Segundo pesquisa, novo coronavírus potencializa letalidade em pacientes obesos mais novos em comparação àqueles que não têm a comorbidade


Por Luiza Sudré, estagiária sob supervisão da editora Rafaela Carvalho

23/05/2021 às 07h00

A pesquisa “Covid-19 e obesidade: uma análise epidemiológica dos dados brasileiros”, desenvolvida na Universidade Federal de Juiz de Fora (UFJF), apontou que o novo coronavírus pode favorecer que pacientes com obesidade cheguem a óbito mais novos em comparação aos indivíduos acometidos pelo vírus que não têm essa comorbidade. O estudo também aponta que o fator de risco está associado a um aumento na necessidade da internação nas Unidades de Terapia Intensivas (UTIs) e do uso do suporte ventilatório para quem está hospitalizado. A análise foi desenvolvida pela pesquisadora da UFJF Jacy Gameiro, doutora em Genética e Biologia Molecular.

Levantamento feito pela Tribuna, com base nos boletins epidemiológicos divulgados pela Prefeitura de Juiz de Fora (PJF), mostram que a porcentagem de pessoas que tinham a obesidade como comorbidade e morreram vítimas da Covid-19 é de 13,6%. No total, entre 1.578 vítimas fatais da doença contabilizadas até esta quinta-feira (20), 216 pessoas tinham a obesidade como comorbidade.

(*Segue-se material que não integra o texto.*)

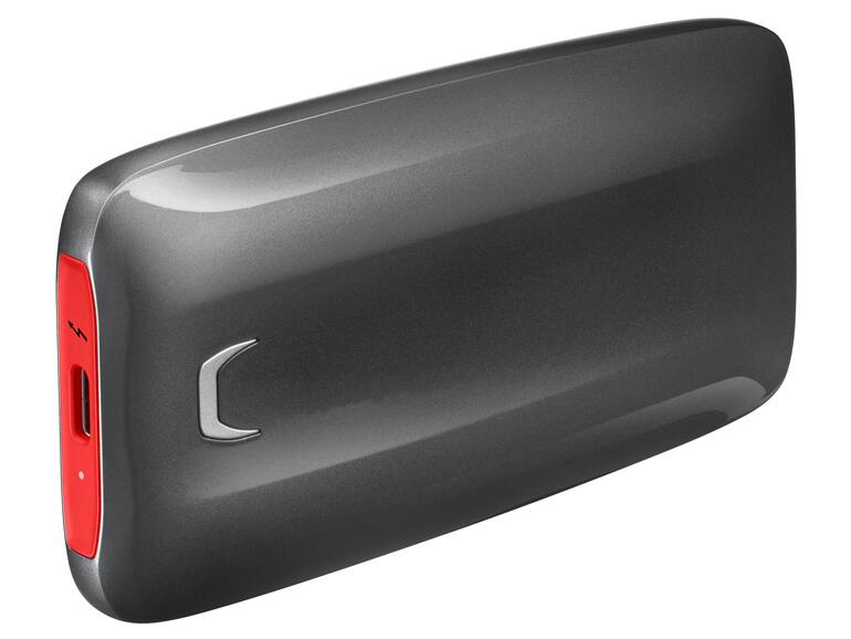 Alles an dieser hoch performanten SSD ist sportlich und extrem kräftig. Angefangen bei ihrem schnittigen Design, überzeugt Samsungs Portable SSD X5 (ab 419 Euro) durch Geschwindigkeit und Kapazitäten, die besonders High-Tech-Profis und Kreative schätzen werden. Schnell und sicher haben Sie hier Zugriff auf Ihre hochauflösenden Daten. Zu verdanken haben Sie Datenübertragungsraten von bis zu 2.800 Megabyte pro Sekunde der implementierten Thunderbolt 3- und NVMe-Schnittstelle und Samsungs V-NAND Speichertechnologie. Selbst wenn es unterwegs mal etwas rauer wird, müssen Sie um die Standfestigkeit der kompakten SSD X5 nicht fürchten. Ein langlebiges und sehr leichtes Vollmetallgehäuse aus Magnesium verfügt über eine innere Verstärkung und kann sogar Fallhöhen bis zu zwei Metern überstehen. Um die Sicherheit Ihrer Daten zu gewährleisten, ist eine optionale Datenverschlüsselung mit Passwortfunktion nach AES-Standard integriert, der sogenannte Dynamic Thermal Guard überwacht zudem die Temperatur des Gerätes.

Dessas, 84 (45 homens e 39 mulheres) eram adultas, na faixa etária entre 18 e 59 anos, e outros 132 eram idosas (49 homens e 83 mulheres).

PUBLICIDADE

A Tribuna não considerou outras comorbidades também elencadas pelos boletins epidemiológicos e atribuídas às vítimas que tinham doenças prévias. Entretanto, a pesquisa da UFJF indica que, apesar de a obesidade não ter sido relatada anteriormente entre as principais comorbidades relacionadas à Covid-19, a condição tem um papel importante no desenvolvimento da doença e pode levar a um prognóstico mais prejudicado. O estudo também pontua que investigações demonstraram que outras doenças preexistentes também podem ser consideradas como fatores de risco, como hipertensão, diabetes e doenças cardiovasculares.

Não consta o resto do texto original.